Otherwise, you end up with memory problems despite the settings you've done to the JVM environment.
My suggestions:
The Quick-n-easy: Use a smaller array! Yes, it loops more, but this will not be a problem. 5 kilobytes is just fine. You'll know if this works adequately for you in minutes.
byte[] byt = new byte[1024*5];
A little bit harder: If you have access to sendfile (like in Tomcat with the Http11NioProtocol -- documentation here), then use it
A little bit harder, again: Switch your code to Java NIO's FileChannel. I have very, very similar code running on equally large files with hundreds of concurrent connections and similar memory settings with no problem. NIO is faster than plain old Java streams in these situations. It uses the magic of DMA (Direct Memory Access) allowing the data to go from disk to NIC without ever going through RAM or the CPU. Here is a code snippet for my own code base...I've ripped out much to show the basics. FileChannel.transferTo() is not guaranteed to send every byte, so it is in this loop.
WritableByteChannel destination = Channels.newChannel(response.getOutputStream());
FileChannel source = file.getFileInputStream().getChannel();
while (total < length) {
long sent = source.transferTo(start + total, length - total, destination);
total += sent;
}
The following code is able to streaming data to the client, allocating only a small buffer (BUFFER_SIZE, this is a soft point since you may want to adjust it):
private static final int OUTPUT_SIZE = 1024 * 1024 * 50; // 50 Mb
private static final int BUFFER_SIZE = 4096;
#Override
protected void doGet(HttpServletRequest request,HttpServletResponse response)
throws ServletException, IOException {
String fileName = "42.txt";
// build response headers
response.setStatus(200);
response.setContentLength(OUTPUT_SIZE);
response.setContentType("text/plain");
response.setHeader("Content-Disposition",
"attachment;filename=\"" + fileName + "\"");
response.flushBuffer(); // write HTTP headers to the client
// streaming result
InputStream fileInputStream = new InputStream() { // fake input stream
int i = 0;
#Override
public int read() throws IOException {
if (i++ < OUTPUT_SIZE) {
return 42;
} else {
return -1;
}
}
};
ReadableByteChannel input = Channels.newChannel(fileInputStream);
WritableByteChannel output = Channels.newChannel(
response.getOutputStream());
ByteBuffer buffer = ByteBuffer.allocate(BUFFER_SIZE);
while (input.read(buffer) != -1) {
buffer.flip();
output.write(buffer);
buffer.clear();
}
input.close();
output.close();
}
Are you required to serve files using Tomcat? For this kind of tasks we have used separate download mechanism. We chained Apache -> Tomcat -> storage and then add rewrite rules for download. Then you just by-pass Tomcat and Apache will serve the file to client (Apache->storage). But if works only if you have files stored as files. If you read from DB or other type of non-file storage this solution cannot be used successfully. the overall scenario is that you generate download links for files as e.g. domain/binaries/xyz... and write redirect rule for domain/files using Apache mod_rewrite.
Do you have any filters in the application, or do you use the tcnative library?
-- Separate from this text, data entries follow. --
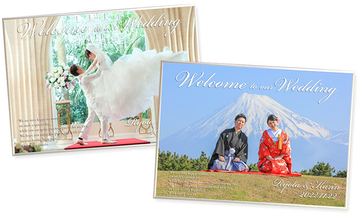 前撮りをプロにお願いするという方はこちらのウェルカムボードがおすすめ。高解像度の美しいお写真を活かせる高品質なフォトウェルカムボードです。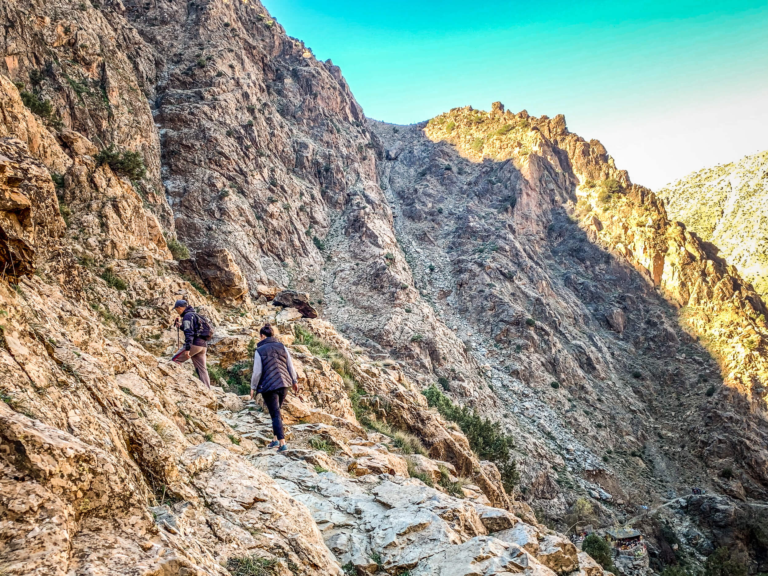 Itchin’ to get up in those glorious hills, we took a guide from the hotel and did a two hour hike up to a series of waterfalls in the High Atlas, near the town of Setti Fatma. The hotel arranged for a driver to take us, meet with a certified climbing guide and who then took us for our hike in the Salt Natural Park. So easy.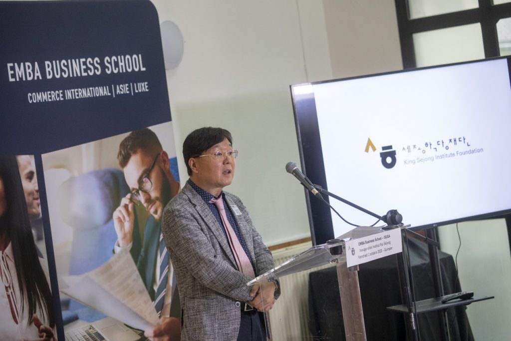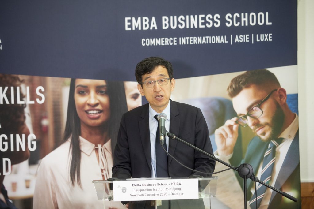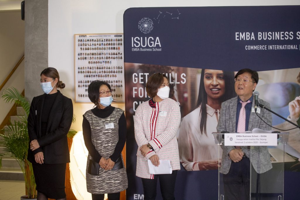 On Friday 2nd October 2020, the Roi Sejong Institute Quimper was inaugurated in the presence of the South Korean Ambassador, Mr. CHOI, of the Manager of the Korean Cultural Centre and of the official school partners: the CCIMBO (Chamber of Commerce and Industry) in Quimper and the Department of Finistère. A great honour and a recognition of the expertise of the ISUGA formation process in terms of teaching and promoting the Korean language and culture in France.

You could try to profile it with jvisualvm?
Edit: Small remark: Note that you have a HTTP response splitting attack possibility in the setHeader if you do not sanitize fileName.
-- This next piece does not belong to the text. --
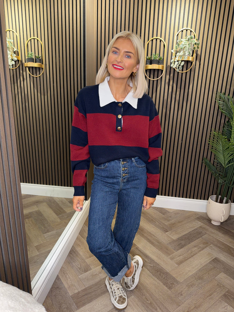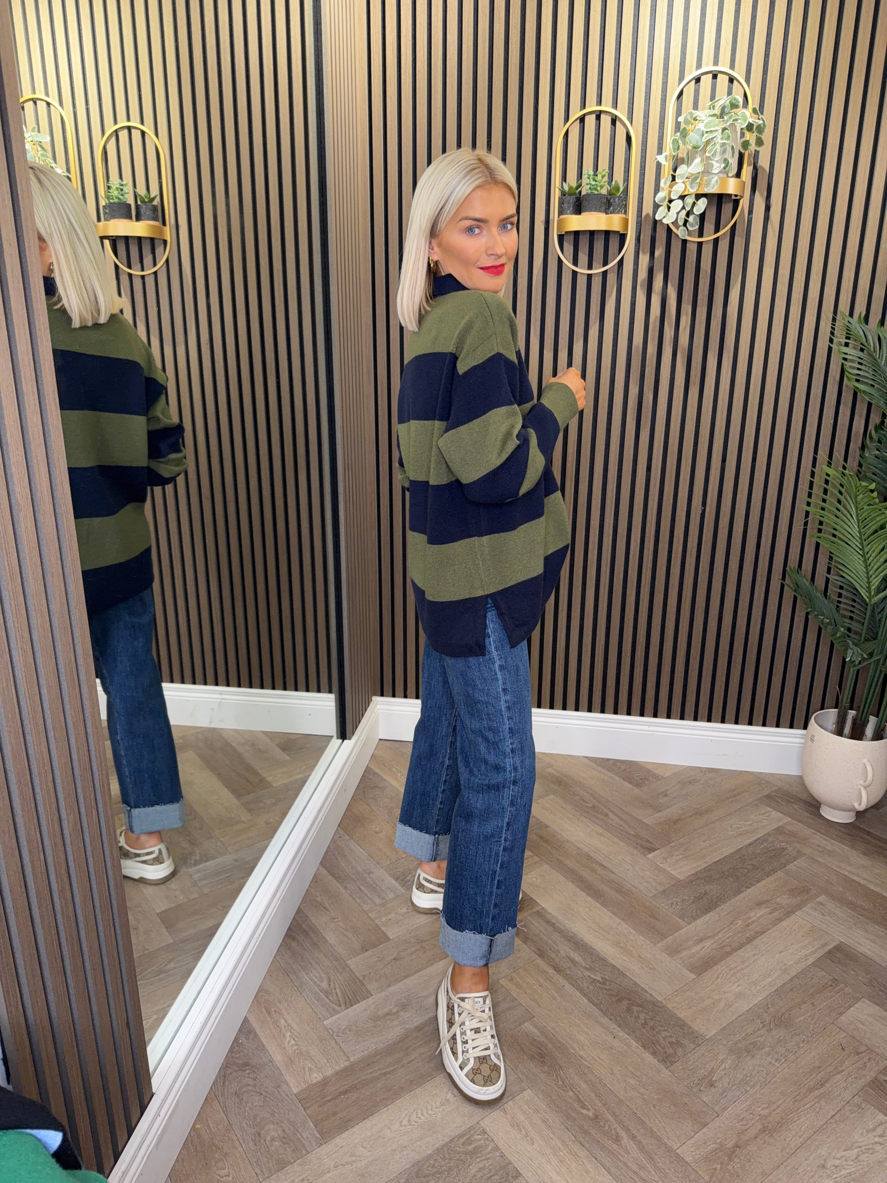 High waisted, straight leg, raw hem jeans. Denim shade. 4 gold button detailing.

Why don't you use tomcat's own FileServlet?
It can surely give out files much better than you can possible imagine.
A 2-MByte buffer is way too large! A few k should be ample. Megabyte-sized objects are a real issue for the garbage collector, since they often need to be treated separately from "normal" objects (normal == much smaller than a heap generation). To optimize I/O, your buffer only needs to be slightly larger than your I/O buffer size, i.e. at least as large as a disk block or network package.